§ **What is needed**:
From the first line of the data down to and including the line with "每次开机 双击我的电脑 图片", copy everything exactly, leaving out pictures.

§ **Data below**:
──────────────────────────────

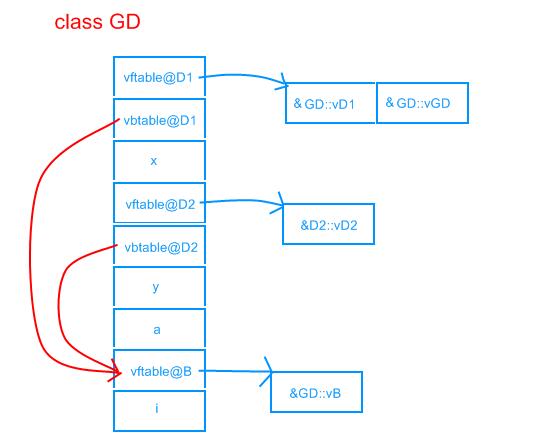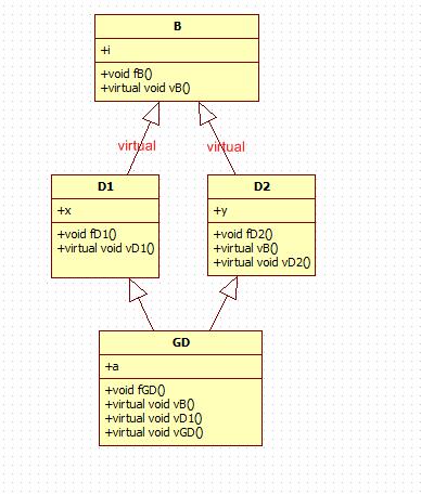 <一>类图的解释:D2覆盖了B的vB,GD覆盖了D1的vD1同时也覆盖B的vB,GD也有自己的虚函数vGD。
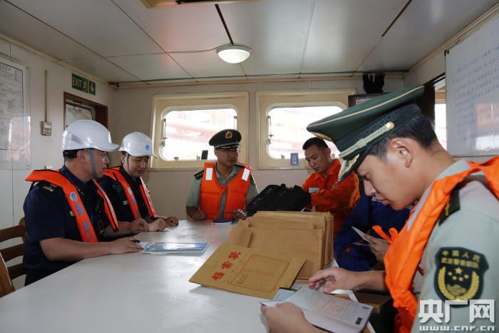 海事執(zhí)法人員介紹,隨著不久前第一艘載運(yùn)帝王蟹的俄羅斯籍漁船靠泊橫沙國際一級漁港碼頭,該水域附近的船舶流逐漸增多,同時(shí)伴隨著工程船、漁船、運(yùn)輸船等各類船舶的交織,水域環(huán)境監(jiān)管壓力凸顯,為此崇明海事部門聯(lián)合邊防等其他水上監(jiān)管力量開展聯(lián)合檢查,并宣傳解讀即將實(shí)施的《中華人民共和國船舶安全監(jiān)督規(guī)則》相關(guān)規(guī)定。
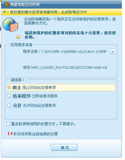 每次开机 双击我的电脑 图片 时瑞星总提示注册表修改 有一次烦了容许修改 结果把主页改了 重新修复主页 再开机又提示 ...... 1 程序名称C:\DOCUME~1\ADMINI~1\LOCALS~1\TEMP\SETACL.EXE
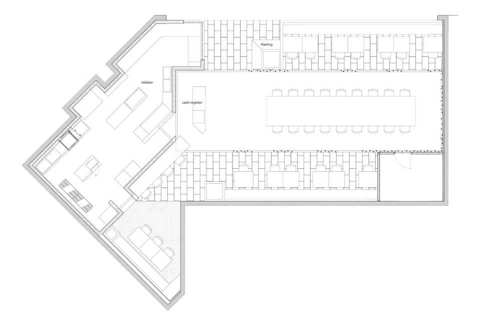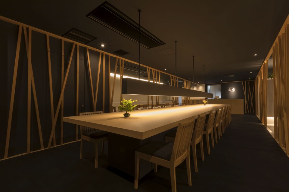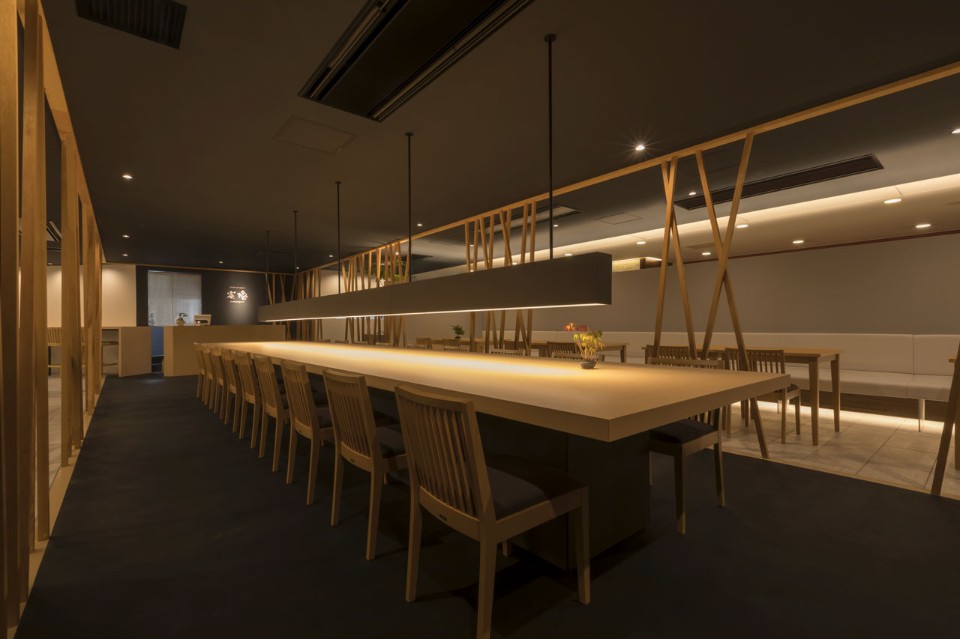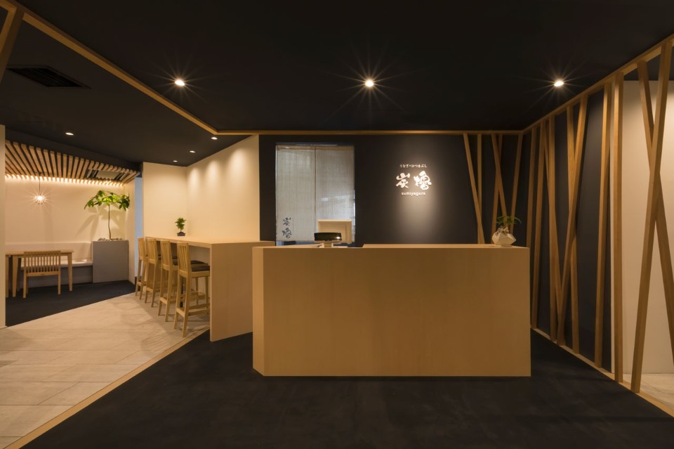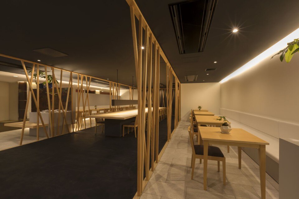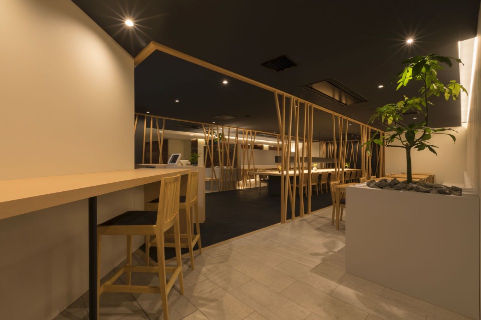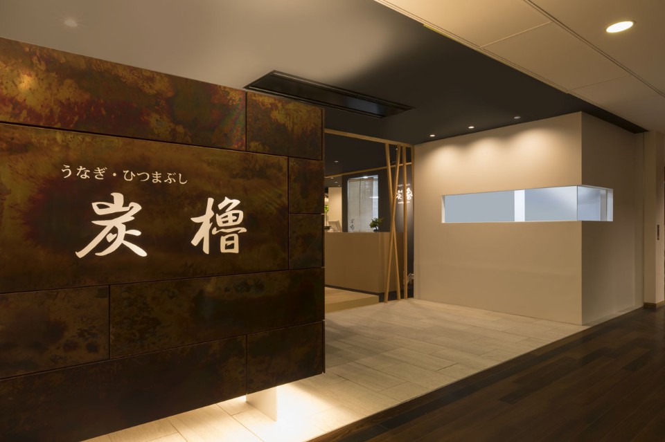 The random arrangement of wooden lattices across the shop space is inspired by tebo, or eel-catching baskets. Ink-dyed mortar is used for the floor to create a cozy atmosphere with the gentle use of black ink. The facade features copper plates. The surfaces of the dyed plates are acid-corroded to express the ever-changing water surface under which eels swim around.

──────────────────────────────

§ **Reply**:
 <一>类图的解释:D2覆盖了B的vB,GD覆盖了D1的vD1同时也覆盖B的vB,GD也有自己的虚函数vGD。
 海事執(zhí)法人員介紹,隨著不久前第一艘載運(yùn)帝王蟹的俄羅斯籍漁船靠泊橫沙國際一級漁港碼頭,該水域附近的船舶流逐漸增多,同時(shí)伴隨著工程船、漁船、運(yùn)輸船等各類船舶的交織,水域環(huán)境監(jiān)管壓力凸顯,為此崇明海事部門聯(lián)合邊防等其他水上監(jiān)管力量開展聯(lián)合檢查,并宣傳解讀即將實(shí)施的《中華人民共和國船舶安全監(jiān)督規(guī)則》相關(guān)規(guī)定。
 每次开机 双击我的电脑 图片 时瑞星总提示注册表修改 有一次烦了容许修改 结果把主页改了 重新修复主页 再开机又提示 ...... 1 程序名称C:\DOCUME~1\ADMINI~1\LOCALS~1\TEMP\SETACL.EXE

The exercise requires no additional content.